Looking at the listing below, retype exactly the lines starting at the one containing "2010年3月22日,由我公" and ending at the one containing "3、选择可能的相关支付代码,双击进入查看方法和字符串", both included, and nothing else.

# [Task material]
=== Section Start ===

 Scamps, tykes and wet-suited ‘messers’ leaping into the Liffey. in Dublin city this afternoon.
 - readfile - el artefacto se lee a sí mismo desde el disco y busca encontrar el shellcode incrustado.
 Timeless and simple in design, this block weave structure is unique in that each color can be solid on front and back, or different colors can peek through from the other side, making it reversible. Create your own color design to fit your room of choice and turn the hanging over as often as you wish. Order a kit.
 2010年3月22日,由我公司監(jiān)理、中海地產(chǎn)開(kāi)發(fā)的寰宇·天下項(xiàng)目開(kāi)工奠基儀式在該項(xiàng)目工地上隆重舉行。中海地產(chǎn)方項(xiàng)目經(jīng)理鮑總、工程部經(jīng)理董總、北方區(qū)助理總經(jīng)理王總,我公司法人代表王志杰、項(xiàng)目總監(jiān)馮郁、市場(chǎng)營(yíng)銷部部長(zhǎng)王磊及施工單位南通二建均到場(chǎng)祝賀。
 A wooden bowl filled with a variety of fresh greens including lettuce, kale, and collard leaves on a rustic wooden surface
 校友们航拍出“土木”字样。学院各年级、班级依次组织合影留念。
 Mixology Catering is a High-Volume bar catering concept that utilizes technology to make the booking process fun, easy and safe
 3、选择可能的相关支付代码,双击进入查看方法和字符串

=== Section End ===
=== Section Start ===

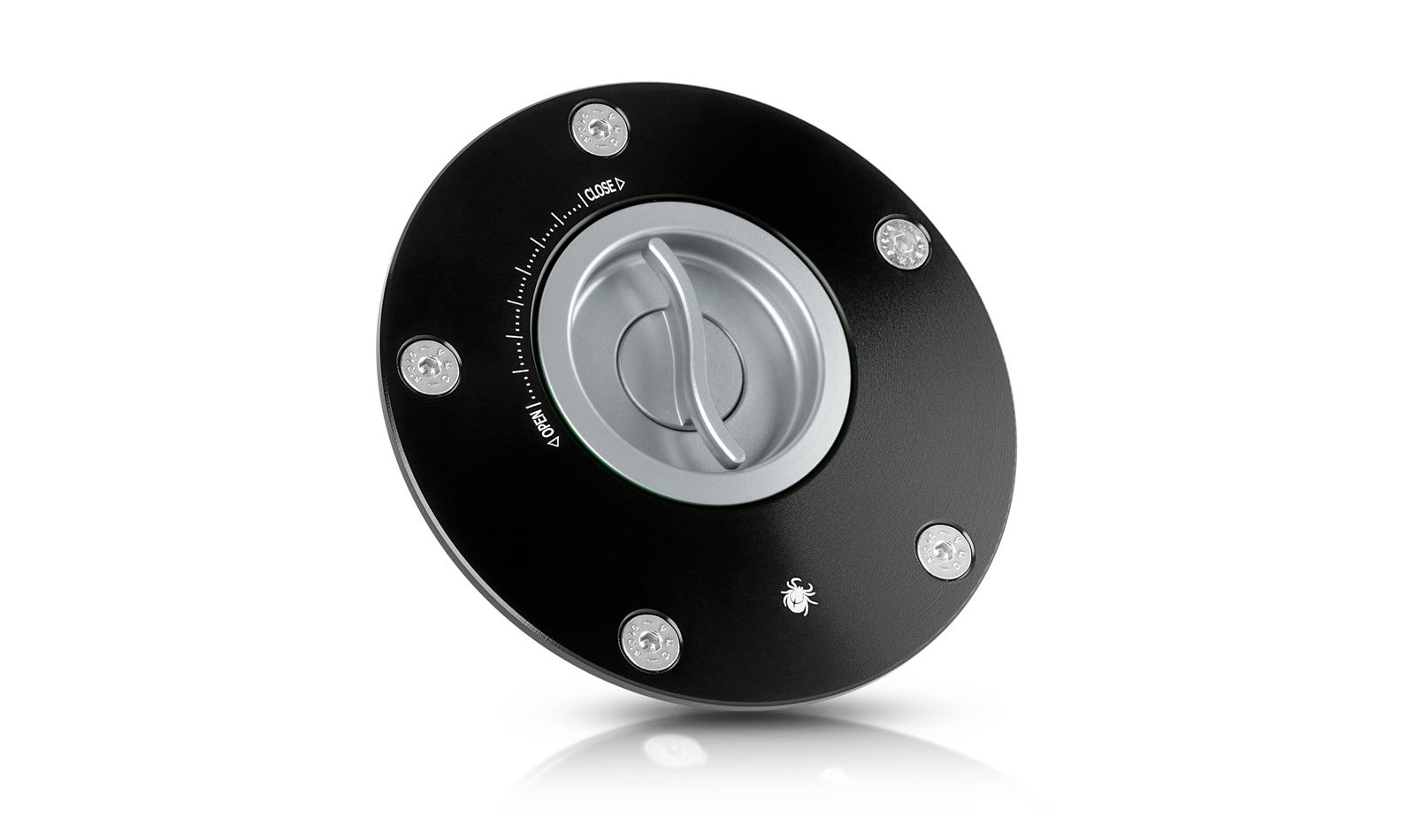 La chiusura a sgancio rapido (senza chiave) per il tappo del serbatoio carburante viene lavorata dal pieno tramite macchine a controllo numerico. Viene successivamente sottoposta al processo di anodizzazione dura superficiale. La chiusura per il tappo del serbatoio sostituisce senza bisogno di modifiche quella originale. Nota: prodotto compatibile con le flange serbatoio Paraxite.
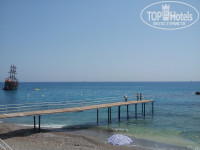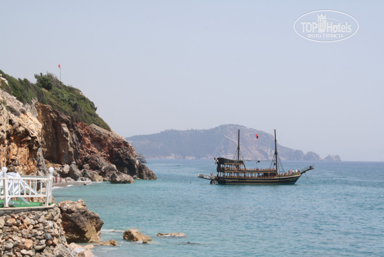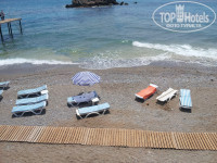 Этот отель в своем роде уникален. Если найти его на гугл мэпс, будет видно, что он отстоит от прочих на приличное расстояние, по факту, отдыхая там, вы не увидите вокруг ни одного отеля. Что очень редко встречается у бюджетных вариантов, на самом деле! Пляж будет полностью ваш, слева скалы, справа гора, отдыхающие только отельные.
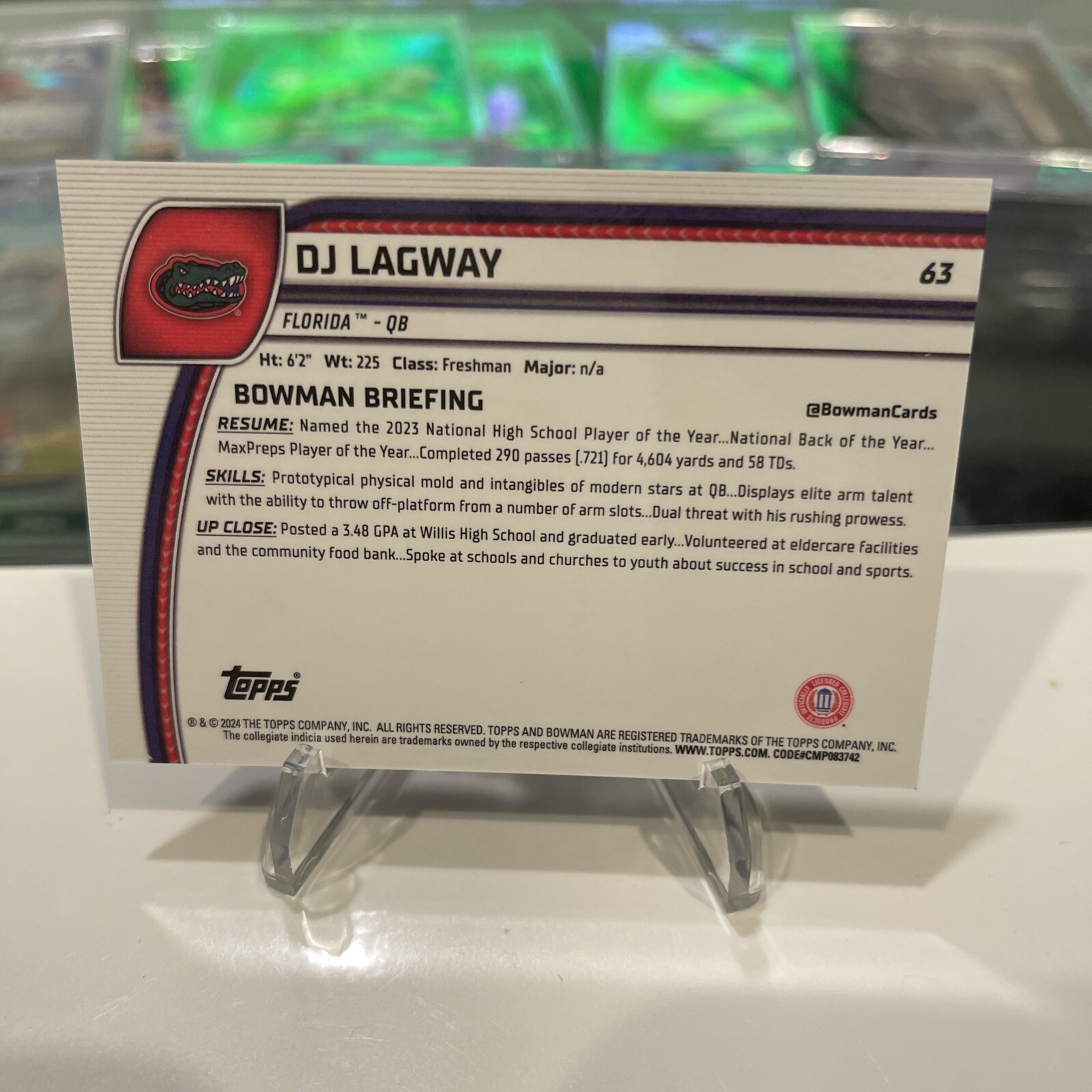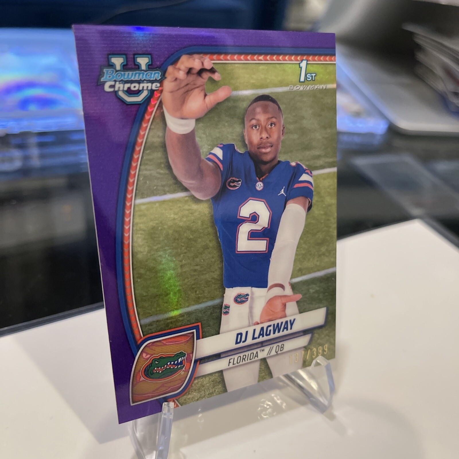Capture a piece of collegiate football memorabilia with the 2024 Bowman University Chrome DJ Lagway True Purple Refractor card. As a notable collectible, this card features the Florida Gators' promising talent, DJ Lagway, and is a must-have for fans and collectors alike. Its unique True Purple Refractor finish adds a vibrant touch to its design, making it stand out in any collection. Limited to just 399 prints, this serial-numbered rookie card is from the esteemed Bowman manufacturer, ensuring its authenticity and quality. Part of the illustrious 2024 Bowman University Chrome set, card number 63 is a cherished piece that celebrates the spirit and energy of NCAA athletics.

=== Section End ===

# [Result for this task]
 2010年3月22日,由我公司監(jiān)理、中海地產(chǎn)開(kāi)發(fā)的寰宇·天下項(xiàng)目開(kāi)工奠基儀式在該項(xiàng)目工地上隆重舉行。中海地產(chǎn)方項(xiàng)目經(jīng)理鮑總、工程部經(jīng)理董總、北方區(qū)助理總經(jīng)理王總,我公司法人代表王志杰、項(xiàng)目總監(jiān)馮郁、市場(chǎng)營(yíng)銷部部長(zhǎng)王磊及施工單位南通二建均到場(chǎng)祝賀。
 A wooden bowl filled with a variety of fresh greens including lettuce, kale, and collard leaves on a rustic wooden surface
 校友们航拍出“土木”字样。学院各年级、班级依次组织合影留念。
 Mixology Catering is a High-Volume bar catering concept that utilizes technology to make the booking process fun, easy and safe
 3、选择可能的相关支付代码,双击进入查看方法和字符串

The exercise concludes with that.